The History of Bees by Maja Lunde
[ ⭐ ⭐ ⭐ ⭐ ] This is an incredibly ambitious novel that manages to be an intimate tale of family, whilst also looking outwards to comment on the future of humanity at large, by weaving together three different narratives set in different times and locations. This means it is at once historical fiction, contemporary, and a futuristic dystopian; and yet somehow, Lunde deftly brings everything together into one coherent narrative that comments on our vital bond with nature. She draws parallels between humans and bees in particular, with each of the three protagonists invested heavily in the processes of beekeeping and pollination. In doing so, she reminds us that, as with the best hives, we must work for the collective good if we are to survive.
The Victorian Chaise-Longue by Marghanita Laski
[ ⭐ ⭐ ⭐ ⭐ ] This was a brilliantly ambiguous and claustrophobic little read. For me, it threw up fascinating ideas about the fine line between ecstasy and ruin, the toxicity of being supressed, and the frivolousness of time; how in one era, a woman’s actions could be her making, but in another, they could spell her very ruin. With subtlety, Laski also shrewdly questions just how much progress women had made in gaining autonomy over their bodies, minds and actions by the time of the book’s writing in the 1950s, despite comparative improvements over the past; a theme still relevant to this day.

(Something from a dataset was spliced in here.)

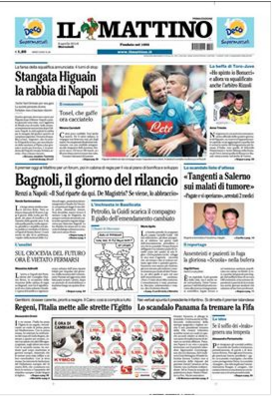 Ecco le prime pagine dei principali quotidiani in edicola quest’oggi. Tutti aprono con quello che sta diventando il ‘caso Higuain‘: la squalifica comminata al Pipita non va giu al Corriere dello Sport che titola “Ingiustizia Higuain”, difendendo l’attaccante del Napoli al suo interno. Stesso dicasi per Tuttosport, che considera troppo pesante la mano del giudice Tosel. La Gazzetta dello Sport, invece, punta tutto sulla furia della società partenopea e sul ricorso che verrà presentato per dimezzare le giornate di squalifica. Infine, anche Repubblica e Mattino affrontano l’argomento in prima pagina, scagliandosi contro la decisione del Giudice Sportivo.

My Girls: A Lifetime with Carrie and Debbie by Todd Fisher
[ ⭐ ⭐ ⭐ ⭐ ] This is the memoir of Todd Fisher; brother of Carrie Fisher, and son of Debbie Reynolds. He recounts his family’s stranger-than-fiction life in a personable, anecdotal manner that is very endearing. It’s full of fun and warmth, though doesn’t shy away from the darkness that visited their lives, also touching on Carrie’s struggles with bipolar and addiction; Debbie’s ailing health, and repeated betrayals at the hands of men; and his own heartache and grief, culminating, tragically, in the deaths of both his ‘girls’ just a day apart in 2016. It offers a real, bittersweet insight into a uniquely bizarre Hollywood upbringing, and shares, with fervour and honesty, the love he had for his sister and mother.
It was a very good reading month overall, with quite the run of four star reads, which isn’t really something to complain about!
What was your favourite read in June?